### Work instructions
Where a picture appears in the data below, exclude it; restate everything else word for word.

+ + + + + + +

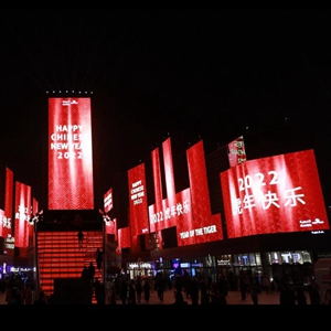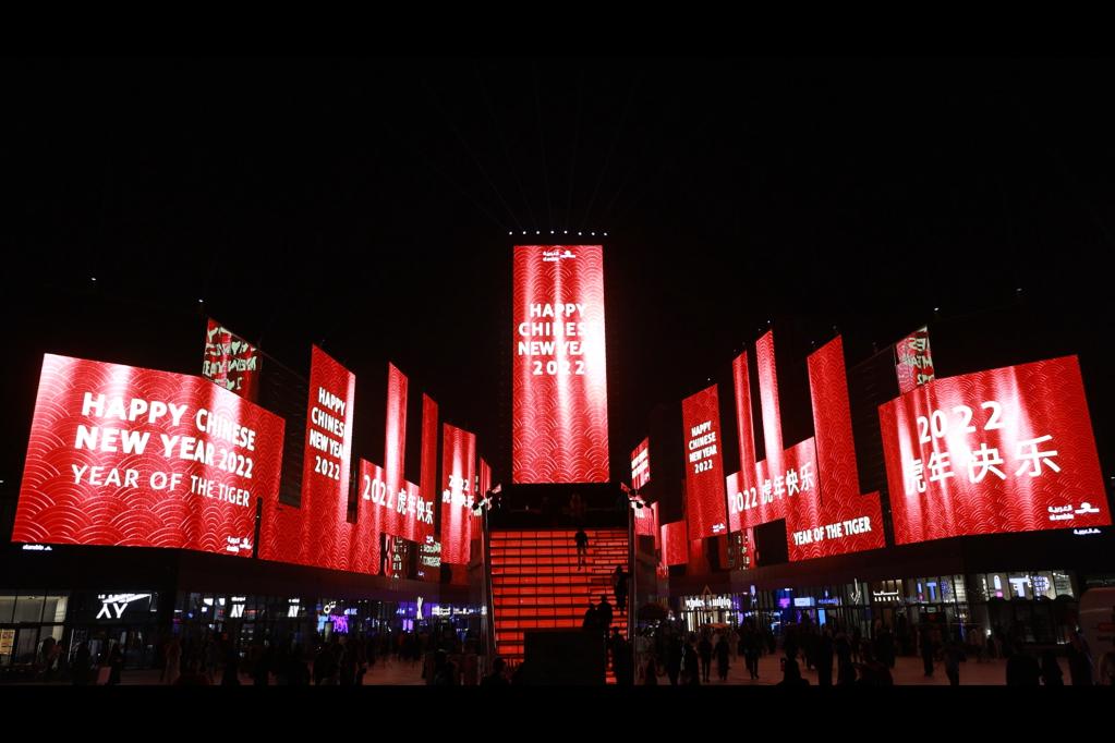 2月3日晚,沙特阿拉伯首都利雅得的“利雅得城市大道”广场数十块LED屏幕播放庆祝春节的主题视频。视频以红色为主色调,既有中国古建筑、红灯笼等画面,也有中英文的“虎年快乐”等字样。这是沙特首都利雅得首次点亮“中国红”以庆祝中国春节。(新华社记者王海洲摄)
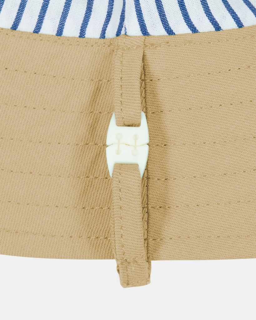 Toshi presents the classic Bucket Hat Billy, ideal for children of all ages. The Toshi bucket has a well-structured brim. The UPF 50+ UV rating indicates optimal sun protection. The chinstrap with soft cotton toggle secures the hat for ease of wear. A security release clasp on the chin tie is designed to enhance wearer safety. The classic Toshi bucket hat is crafted from the finest quality 100% cotton and is fully lined for additional comfort.
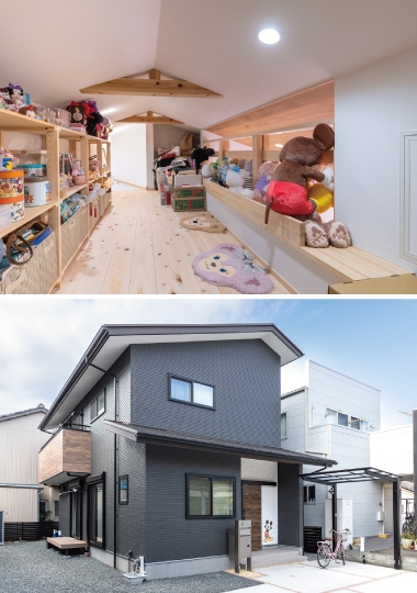 他にも、小上がり、小屋裏収納、吹き抜けリビング、2階トイレ、キッチン、玄関土間など全て気に入っています。
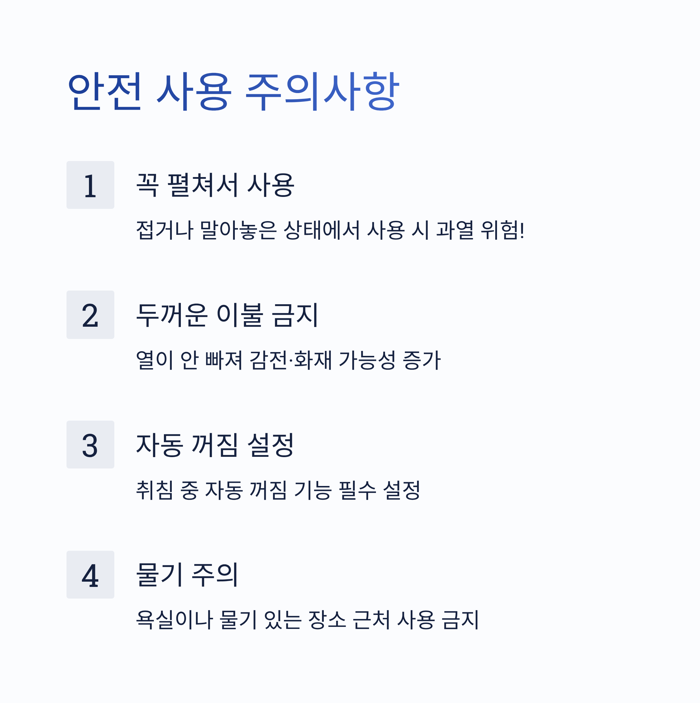 - 두꺼운 이불 덮지 않기: 열이 안 빠져 감전·화재 가능성 증가
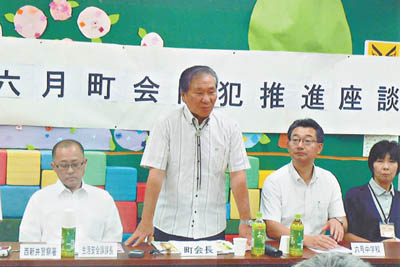 芦川会長は冒頭、「地域、警察、学校のネットワークを防犯ネットワークとして、協力の輪を強めて防犯活動、教育活動を強化していきましょう」と挨拶。座談会が約2時間にわたり熱心に行われた。
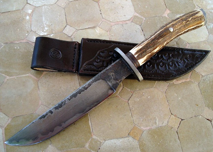 La lame en acier sandwich vieux fer/C130 a subi une trempe sélective au goop, un triple revenu, et un montage sur soie sur un bois de cerf. Le pommeau et la garde sont en vieux fer forgé.
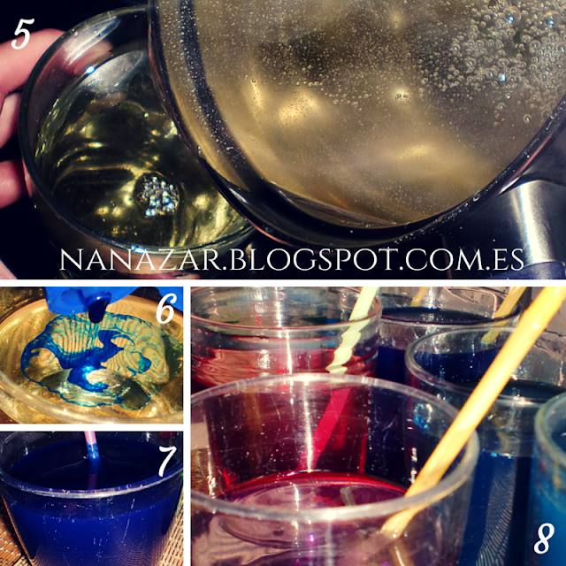 Después lo pondremos dentro de un recipiente (5) y lo mezclaremos con tintes concentrados o superconcentrados para pinturas al agua (6). Removeremos muy bien hasta que el color quede uniforme (7). En mi caso utilicé azul y verde e hice mezclas entre ambos para conseguir colores intermedios. Además, lo bueno de estos tintes es que dependiendo de la cantidad que echéis podrá saliros tonos más claros o más oscuros. Así que con dos colores tendréis una gran gama.
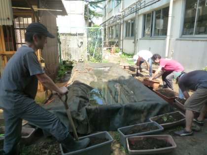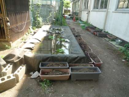 今日の午後、おやじの会の皆さんが集まって、子どもたちが草ぬきした花壇にビニルシートをかぶせて、ビオトープを完成してくれました。そのあと、多摩川にまで出かけて、ビオトープにふさわしい大きさの石も探して入れてくれました。ご協力ありがとうございました。
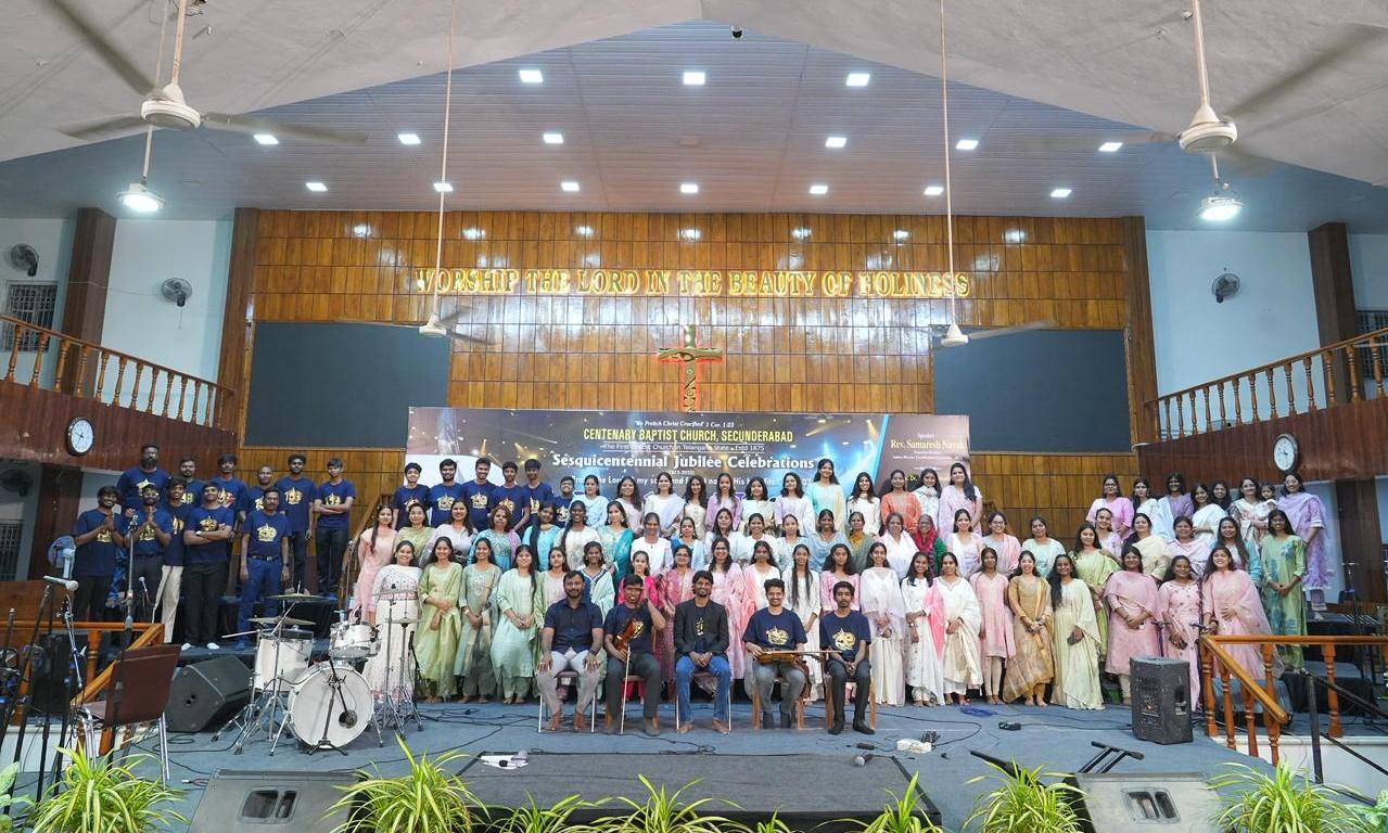 Hyderabad: Choristers lifted their voices in celebration as the 150-year-old Centenary Baptist Church at Clock Tower, Secunderabad, marked its sesquicentennial jubilee. A 150-member choir, accompanied by violins, percussion and keyboards, mesmerised the congregation during a special Worship Night held on Saturday evening as part of the celebrations.

+ + + + + + +

### Task solution
 2月3日晚,沙特阿拉伯首都利雅得的“利雅得城市大道”广场数十块LED屏幕播放庆祝春节的主题视频。视频以红色为主色调,既有中国古建筑、红灯笼等画面,也有中英文的“虎年快乐”等字样。这是沙特首都利雅得首次点亮“中国红”以庆祝中国春节。(新华社记者王海洲摄)
 Toshi presents the classic Bucket Hat Billy, ideal for children of all ages. The Toshi bucket has a well-structured brim. The UPF 50+ UV rating indicates optimal sun protection. The chinstrap with soft cotton toggle secures the hat for ease of wear. A security release clasp on the chin tie is designed to enhance wearer safety. The classic Toshi bucket hat is crafted from the finest quality 100% cotton and is fully lined for additional comfort.
 他にも、小上がり、小屋裏収納、吹き抜けリビング、2階トイレ、キッチン、玄関土間など全て気に入っています。
 - 두꺼운 이불 덮지 않기: 열이 안 빠져 감전·화재 가능성 증가
 芦川会長は冒頭、「地域、警察、学校のネットワークを防犯ネットワークとして、協力の輪を強めて防犯活動、教育活動を強化していきましょう」と挨拶。座談会が約2時間にわたり熱心に行われた。
 La lame en acier sandwich vieux fer/C130 a subi une trempe sélective au goop, un triple revenu, et un montage sur soie sur un bois de cerf. Le pommeau et la garde sont en vieux fer forgé.
 Después lo pondremos dentro de un recipiente (5) y lo mezclaremos con tintes concentrados o superconcentrados para pinturas al agua (6). Removeremos muy bien hasta que el color quede uniforme (7). En mi caso utilicé azul y verde e hice mezclas entre ambos para conseguir colores intermedios. Además, lo bueno de estos tintes es que dependiendo de la cantidad que echéis podrá saliros tonos más claros o más oscuros. Así que con dos colores tendréis una gran gama.
 今日の午後、おやじの会の皆さんが集まって、子どもたちが草ぬきした花壇にビニルシートをかぶせて、ビオトープを完成してくれました。そのあと、多摩川にまで出かけて、ビオトープにふさわしい大きさの石も探して入れてくれました。ご協力ありがとうございました。
 Hyderabad: Choristers lifted their voices in celebration as the 150-year-old Centenary Baptist Church at Clock Tower, Secunderabad, marked its sesquicentennial jubilee. A 150-member choir, accompanied by violins, percussion and keyboards, mesmerised the congregation during a special Worship Night held on Saturday evening as part of the celebrations.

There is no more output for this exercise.